To some extent, that ship has sailed, no?  E.g. do KVM_XEN_HVM_CONFIG with
KVM_XEN_HVM_CONFIG_INTERCEPT_HCALL set, and userspace can intercept pretty much
all hypercalls with very few side effects.

> > So even having _some_ checks in the kernel before going out to
> > userspace would keep that door open, or at least try.
> 
> Doug just looked at this and I think I might have an idea on how to
> limit the scope at least a bit: if you think it would help we could
> limit forwarding of hypercalls to userspace only to those that that
> come with a BDOOR_MAGIC (which is 0x564D5868) in eax. Would that help?

I don't think it addresses Paolo's concern (if I understood Paolo's concern
correctly), but it would help from the perspective of allowing KVM to support
VMware hypercalls and Xen/Hyper-V/KVM hypercalls in the same VM.
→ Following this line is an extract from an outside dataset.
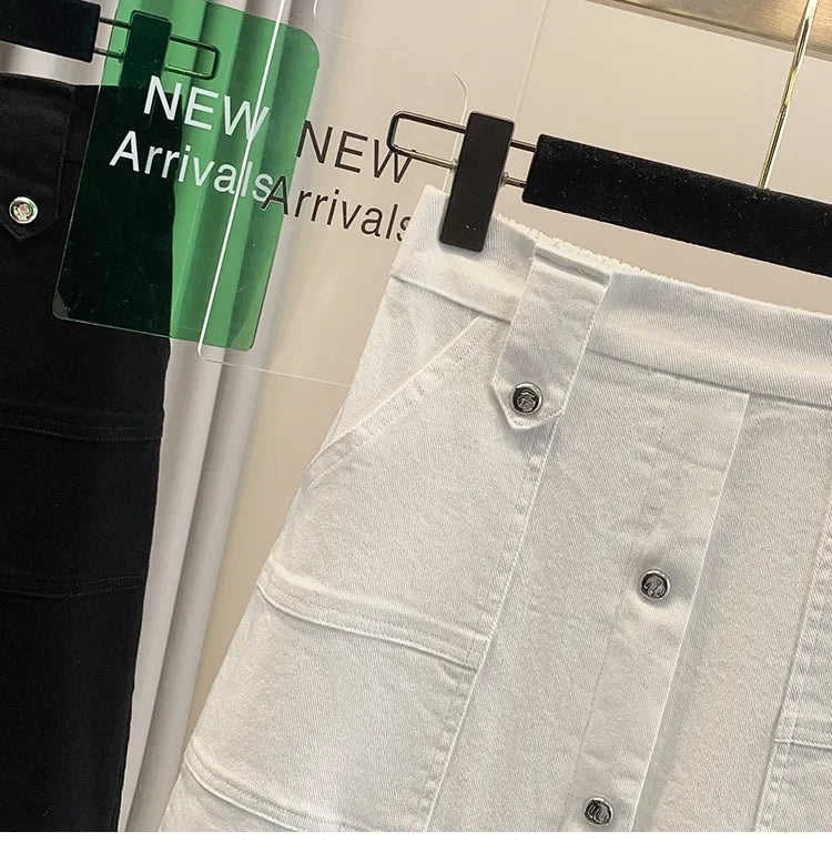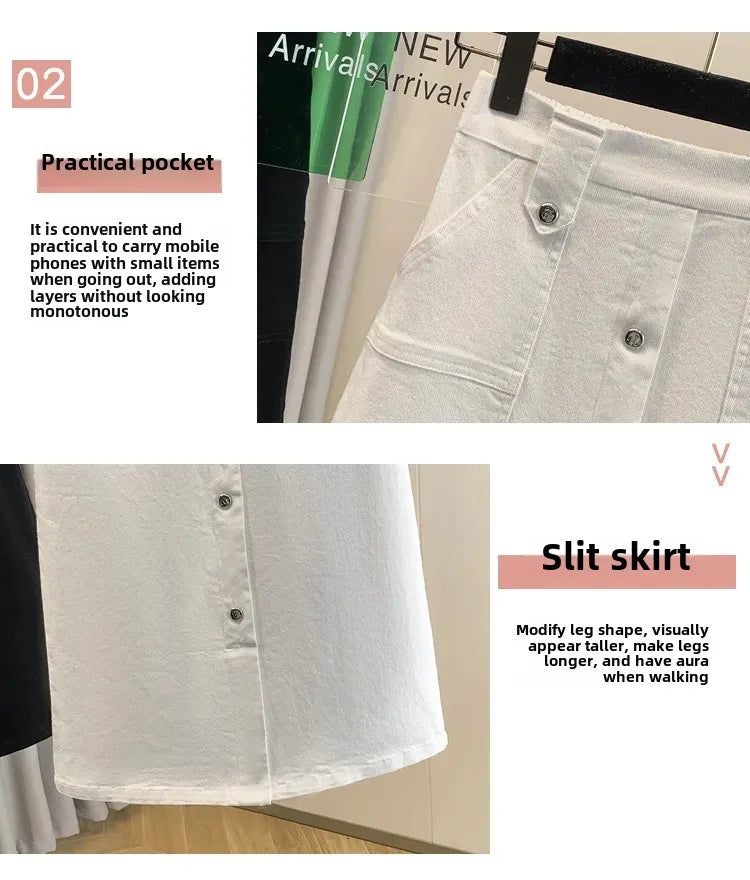 Estilo casual con esta falda de denim tallas grandes. Diseño midi con cintura alta elástica perfecta para primavera-verano.

I also think we should add CONFIG_KVM_VMWARE from the get-go, and if we're 
feeling
lucky, maybe even retroactively bury KVM_CAP_X86_VMWARE_BACKDOOR behind that
Kconfig.  That would allow limiting the exposure to VMware specific code, e.g. 
if
KVM does end up handling hypercalls in-kernel.  And it might deter abuse to some
extent.



Re: [PATCH 2/3] KVM: x86: Add support for VMware guest specific hypercalls

2025-02-03 Thread Sean Christopherson
On Mon, Feb 03, 2025, Doug Covelli wrote:
> On Mon, Feb 3, 2025 at 1:22 PM Paolo Bonzini  wrote:
> >
> > On Mon, Feb 3, 2025 at 5:35 PM Doug Covelli  
> > wrote:
> > > OK.  It seems like fully embracing the in-kernel APIC is the way to go
> > > especially considering it really simplifies using KVM's support for nested
> > > virtualization.  Speaking of nested virtualization we have been working on
> > > adding support for that and would like to propose a couple of changes:
> > >
> > > - Add an option for L0 to handle backdoor accesses from CPL3 code running 
> > > in L2.
> > > On a #GP nested_vmx_l0_wants_exit can check if this option is enabled and 
> > > KVM
> > > can handle the #GP like it would if it had been from L1 (exit to 
> > > userlevel iff
> > > it is a backdoor access otherwwise deliver the fault to L2).  When 
> > > combined with
> > > enable_vmware_backdoor this will allow L0 to optionally handle backdoor 
> > > accesses
> > > from CPL3 code running in L2.  This is needed for cases such as running 
> > > VMware
> > > tools in a Windows VM with VBS enabled.  For other cases such as running 
> > > tools
> > > in a Windows VM in an ESX VM we still want L1 to handle the backdoor 
> > > accesses
> > > from L2.
> >
> > I think this makes sense and could be an argument to KVM_ENABLE_CAP.
> >
> > > - Extend KVM_EXIT_MEMORY_FAULT for permission faults (e.g the guest 
> > > attempting
> > > to write to a page that has been protected by userlevel calling 
> > > mprotect).  This
> > > is useful for cases where we want synchronous detection of guest writes 
> > > such as
> > > lazy snapshots (dirty page tracking is no good for this case).  Currently
> > > permission faults result in KVM_RUN returning EFAULT which we handle by
> > > interpreting the instruction as we do not know the guest physical address
> > > associated with the fault.
> >
> > Yes, this makes sense too, though you might want to look into
> > userfaultfd as well.
> >
> > We had something planned using attributes, but I don't see any issue
> > extending it to EFAULT. Maybe it would have to be yet another
> > KVM_ENABLE_CAP; considering that it would break your existing code,
> > there might be someone else in the wild doing it.
> 
> It looks like KVM_EXIT_MEMORY_FAULT was implemented in such a way that it
> won't break existing code:
> 
> Note! KVM_EXIT_MEMORY_FAULT is unique among all KVM exit reasons in
> that it accompanies a return code of ‘-1’, not ‘0’! errno will always
> be set to EFAULT or EHWPOISON when KVM exits with
> KVM_EXIT_MEMORY_FAULT, userspace should assume kvm_run.exit_reason is
> stale/undefined for all other error numbers.
> 
> That being said we could certainly make this opt-in if that is preferable.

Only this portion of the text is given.